Wow! Divided the run time again by 10. 90% faster than using INSERTBUFF! I can expect to load my entire table in about 1:30 (90 seconds). Amazing.

In order to use the Redshift bulk loading feature, you need to have the AWS keys properly setup. In my case, the AWS keys were defined in my user profile, under a .aws sub-directory. SAS gets them automatically and I had only to specify the target AWS S3 bucket to store the temporary files in, using the BL_BUCKET option. You might have to use additional bulk loading options to set your AWS profile or config file or AWS keys directly in the program (though not recommended). For more information, check the documentation.

Recap

So, from the default behavior to the bulk load test, I was able to reduce the run time by 99.4%.

The environment used

The numbers observed were measured in a particularly favorable environment for that scenario since SAS Viya (and SPRE) was deployed on AWS EC2 machines residing in the same AWS region as the Redshift single-node cluster. Thus, the bandwidth between SAS, S3 and Redshift was very high.

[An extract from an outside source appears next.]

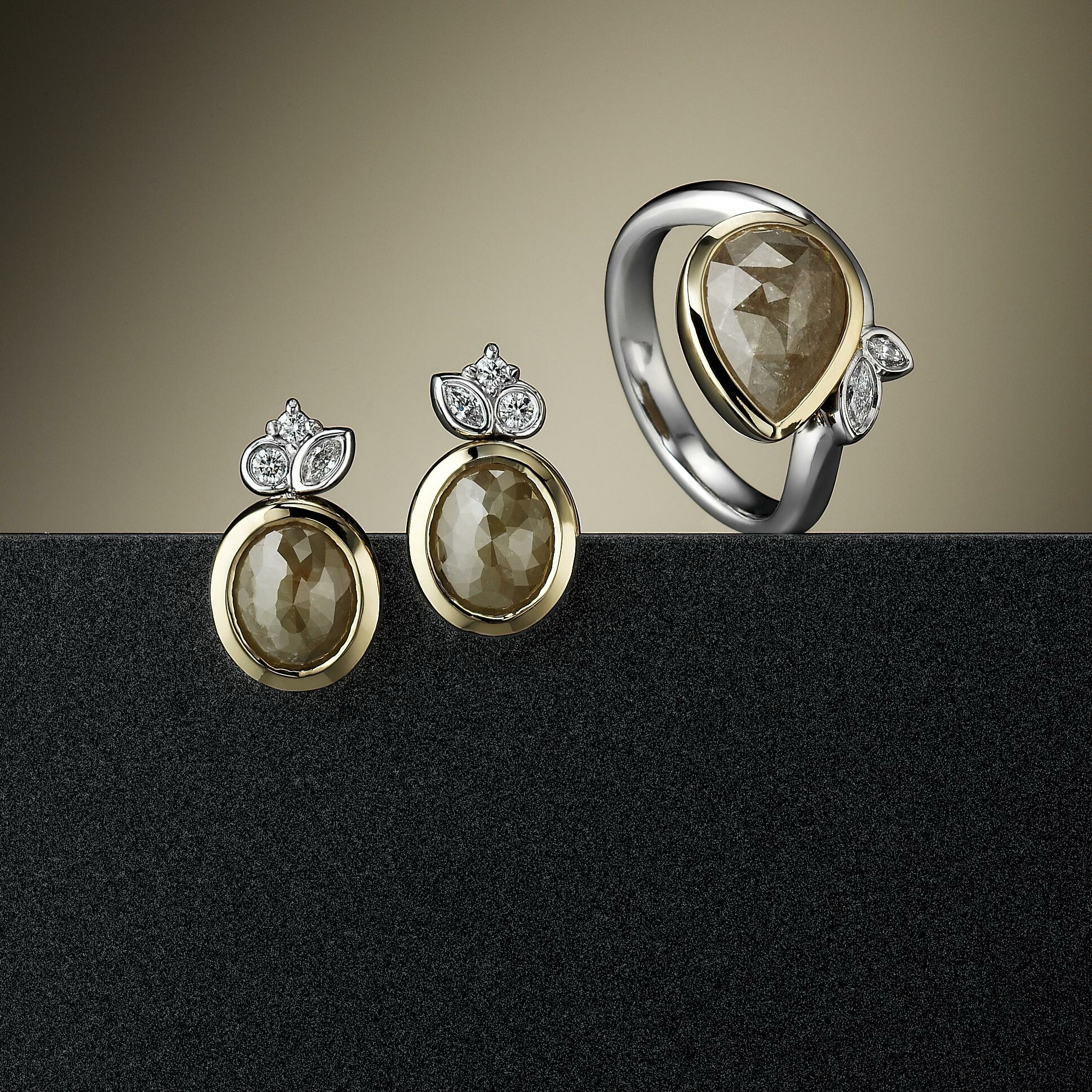 - 9K Yellow and white gold Diamond earrings, with oval shaped rustic Diamond

This is probably not the use case I mentioned earlier when I was talking about potential customers moving/migrating their data from on-premises to the cloud. However, it shows how efficient SAS can be with Redshift data when SAS is deployed in AWS, which is a scenario that will become very common, if it’s not already the case today.

Notice that the Redshift bulk loading principle (using S3 as a staging area between SAS and Redshift) applies to many data loading/unloading situations using SAS, even if in this blog I focused only on loading data from SAS to Redshift using a SAS engine:

SAS can also “bulk unload” Redshift data to accelerate data reading in SAS
CAS can also “bulk load” Redshift data (in CAS language it’s a SAVE CASDATA) and will be able (in Viya 3.5) to “bulk unload” Redshift data (in CAS language it’s a LOAD CASDATA)

Additional considerations

To simulate moving data from on-premises to the cloud, I took an extreme case. Loading SAS data from my SAS installation on my laptop located in France (not a very good idea when the Redshift instance is in Northern Virginia) using a poor upload bandwidth. Resulting timings are not as awesome as previously (SAS deployed in AWS) but you get an idea of the performance of the different options.

admin image 4.jpg

In this context, an additional option could be very useful when the bandwidth is limited. BL_COMPRESS compresses the data files using the gzip format on the SAS engine machine before moving them to AWS S3. This is more CPU intensive on the SAS machine. In this case, this improved the bulk loading by around 2.5 times. And it is 5 times faster than the default loading option.

Thanks for reading.

ChrisNZ · ‎12-03-2019

Nice benchmark Nicolas! I'll point to it in the next edition of my book. Benchmarked comparisons are the best; Without figures to back them, performance discussions are just fluff. 🙂

BarryParish2 · ‎05-04-2021

Are all of the examples done with SAS/ACCESS for Redshift installed, or can the be done with SAS/ACCESS for ODBC? Used the first two methods successfully with smaller amounts of data with SAS/ACCESS for ODBC, but not the Bulk Load.

NicolasRobert · ‎05-10-2021

Thanks for your message @BarryParish2 .

No there won't be the same capabilities between SAS/ACCESS to Redshift and SAS/ACCESS to ODBC. Although there seems to be a BULKLOAD option in SAS/ACCESS to ODBC, it is not equivalent to the SAS/ACCESS to Redshift bulkload option which relies on S3.